How AIO helped a major platform recover its traffic after a decline
December 19, 2025
Category:
AI Marketing
When search algorithms began relying more heavily on generative models, many large platforms experienced a sharp drop in organic traffic. Traditional SEO stopped being reliable, and snippets in the search results were increasingly replaced by fully generated AI answers. One major platform felt the impact particularly strongly: its usual stream of users shrank, engagement fell, and content that had previously ranked consistently no longer appeared in leading positions. It was at this point that the AIO approach – optimisation for AI-driven algorithms – was chosen.
Reframing content for new answer formats
The first step was understanding how AI generates responses. Generative models do not display websites directly – they reconstruct information, prioritising structure and semantic completeness. As a result, the platform’s content was rewritten to become as clear, precise and machine-friendly as possible.
All materials were organised into logical blocks: clear definitions, concise explanations, and self-contained semantic segments. Anything that failed to add meaning – empty introductions, promotional inserts, overly decorative language – was removed. This kind of content became a suitable source for generative systems, which prefer structured knowledge they can easily extract and reuse.
Restoring thematic coherence
After years of publishing, the platform had accumulated thousands of loosely connected articles. This meant AI models did not perceive it as a unified expert resource. As part of AIO, a restructuring audit was carried out: materials were grouped by theme, core areas of expertise were defined, and interconnected clusters were established.
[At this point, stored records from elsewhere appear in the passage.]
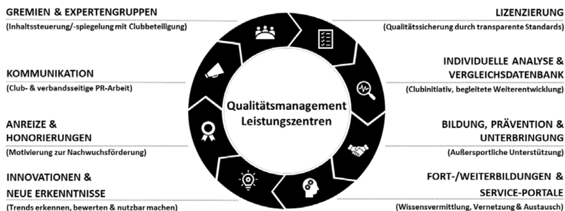
Abbildung 1: Qualitätsmanagementsystem für die Leistungszentren (Stand: Dez. 2019)

Zur Sicherung und Steigerung der Qualität der Ausbildung in den Leistungszentren haben DFL e.V. und DFB ein ganzheitliches Qualitätsmanagementsystem eingeführt (siehe Abbildung 1). Das Präsidium des DFL e.V. ist berechtigt, verbindliche Durchführungsbestimmungen für das Qualitätsmanagementsystem zu erlassen. Die Clubs der Bundesliga und 2. Bundesliga, die ein Leistungszentrum nach § 3 Nr. 2 LO unterhalten müssen, sind innerhalb dieses QM-Systems verpflichtet, am Teilbereich „Individuelle Analyse & Vergleichsdatenbank“ teilzunehmen.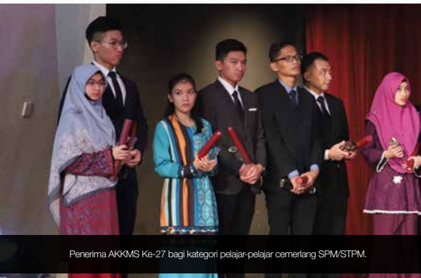
Penerima AKKMS Ke-27 bagi kategori pelajar-pelajar cemerlang SPM/STPM.

Setiap penerima anugerah membawa pulang sijil penghargaan, trofi dan juga wang tunai.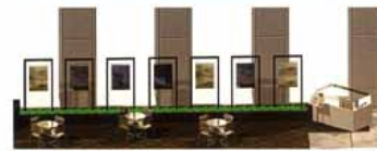
穏やかで温かいホテルの光に包まれる 都会にしながら、自然を身近に感じる空間(新宿野村ビル展示スペースイメージ図)

「新宿野村ビル」では、以前は里山で見ることが出来た樹木や植物を植え、川のせせらぎを作り、水棲昆虫や水草が生息する小さな自然を再現します。また、昨年この会場で生まれたホテルをはじめ、実物のホテルがご覧いただけます。また6/3(火)には幼稚園児童による『メダカの放流セレモニー』を開催いたします。

As a result, the site began to resemble a coherent knowledge system rather than a collection of isolated posts. Generative models increasingly pulled information from these clusters, as they offered completeness and predictable semantic logic.
Adapting to AI-first search results
A decisive stage was transforming the content formats themselves. Short explanatory blocks were introduced – easily integrated into AI-generated answers – alongside expanded article versions suitable for deeper processing, and precise phrasing aligned with user intent. The content now addressed not only what users search for, but also how AI turns those queries into final responses.
Additional materials were created specifically for the types of questions users often pose to generative assistants. This allowed the platform to fit naturally into the new query “language” – part conversational, part analytical.
Strengthening authority and modality
One of the key criteria for AI is source trustworthiness. The platform therefore reinforced its authority: it added author profiles, clear expert attributions, and specialist-verified data. The articles became less anonymous and more structured around factual credibility.
Algorithms began classifying the site as a reliable source, which increased the likelihood of being cited in AI responses and boosted visibility in generative snippets.
Traffic recovery and renewed growth
Several months after implementing AIO, the platform recorded a gradual return of traffic. Mentions in AI answers increased first, followed by the return of users clicking through from extended result blocks. Legacy search rankings began recovering as well – but more importantly, a new channel emerged: a steady flow of traffic from generative recommendations.
Over time, the platform began receiving even more organic visibility than before the decline, as AI surfaced its content in a wider set of contexts than traditional SEO ever could.
This case demonstrated that optimisation for AI is not a passing trend, but a new standard for the information landscape. AIO not only restored lost traffic, but created a foundation for sustainable growth in a world where generative answers are becoming a central component of search.